LISTED RECORDS:
--------

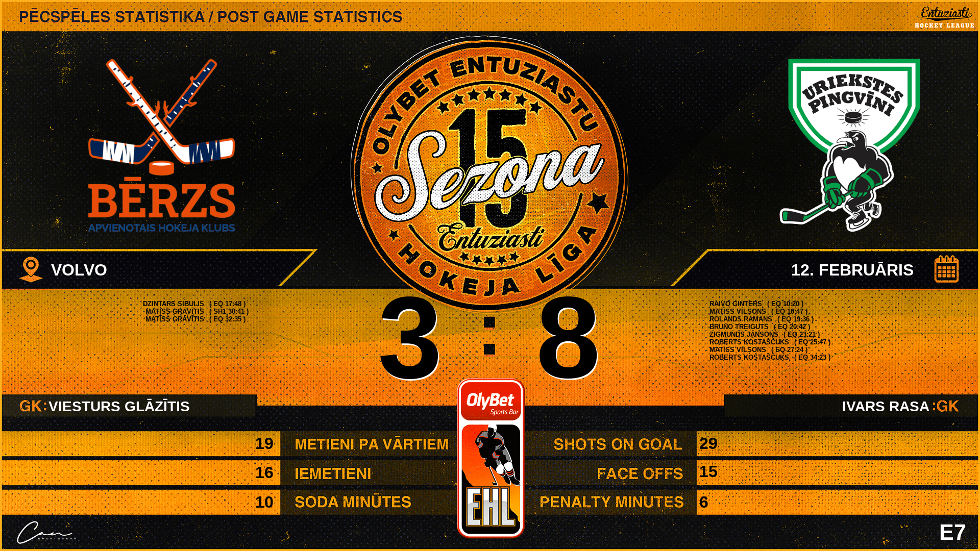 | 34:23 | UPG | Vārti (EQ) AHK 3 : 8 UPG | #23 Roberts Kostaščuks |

--------

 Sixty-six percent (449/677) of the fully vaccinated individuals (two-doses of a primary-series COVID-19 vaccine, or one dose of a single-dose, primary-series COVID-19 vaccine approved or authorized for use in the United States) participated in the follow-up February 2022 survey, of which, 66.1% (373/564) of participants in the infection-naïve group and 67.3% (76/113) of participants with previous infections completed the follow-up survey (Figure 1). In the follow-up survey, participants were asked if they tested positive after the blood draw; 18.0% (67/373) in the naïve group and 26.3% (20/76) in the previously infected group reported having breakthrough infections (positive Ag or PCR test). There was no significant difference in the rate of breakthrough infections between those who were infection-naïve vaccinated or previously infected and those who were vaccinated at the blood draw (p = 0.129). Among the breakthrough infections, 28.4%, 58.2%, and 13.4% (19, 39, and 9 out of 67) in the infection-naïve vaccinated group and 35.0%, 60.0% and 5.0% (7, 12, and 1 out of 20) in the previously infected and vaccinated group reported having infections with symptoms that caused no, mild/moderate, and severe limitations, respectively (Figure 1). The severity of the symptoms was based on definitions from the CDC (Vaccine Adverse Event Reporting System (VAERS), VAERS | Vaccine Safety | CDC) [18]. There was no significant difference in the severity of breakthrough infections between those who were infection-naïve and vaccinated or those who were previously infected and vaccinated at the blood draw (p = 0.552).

--------

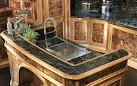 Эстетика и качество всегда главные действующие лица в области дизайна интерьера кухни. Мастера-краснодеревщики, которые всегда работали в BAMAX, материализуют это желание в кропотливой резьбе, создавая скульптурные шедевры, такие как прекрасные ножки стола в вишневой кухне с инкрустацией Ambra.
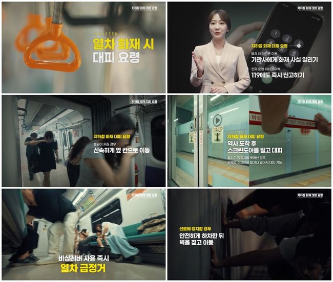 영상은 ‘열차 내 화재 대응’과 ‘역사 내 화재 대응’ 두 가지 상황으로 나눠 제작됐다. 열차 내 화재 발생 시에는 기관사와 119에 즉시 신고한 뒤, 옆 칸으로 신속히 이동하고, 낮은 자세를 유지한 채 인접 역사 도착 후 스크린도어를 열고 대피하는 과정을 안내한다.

--------

PROBLEM REQUIREMENTS: All that should appear in the answer is the lines above from the line with "Эстетика и качество" through the line with "영상은 ‘열차 내 화재", retyped exactly, pictures left out.

SOLUTION TO THE PROBLEM:
 Эстетика и качество всегда главные действующие лица в области дизайна интерьера кухни. Мастера-краснодеревщики, которые всегда работали в BAMAX, материализуют это желание в кропотливой резьбе, создавая скульптурные шедевры, такие как прекрасные ножки стола в вишневой кухне с инкрустацией Ambra.
 영상은 ‘열차 내 화재 대응’과 ‘역사 내 화재 대응’ 두 가지 상황으로 나눠 제작됐다. 열차 내 화재 발생 시에는 기관사와 119에 즉시 신고한 뒤, 옆 칸으로 신속히 이동하고, 낮은 자세를 유지한 채 인접 역사 도착 후 스크린도어를 열고 대피하는 과정을 안내한다.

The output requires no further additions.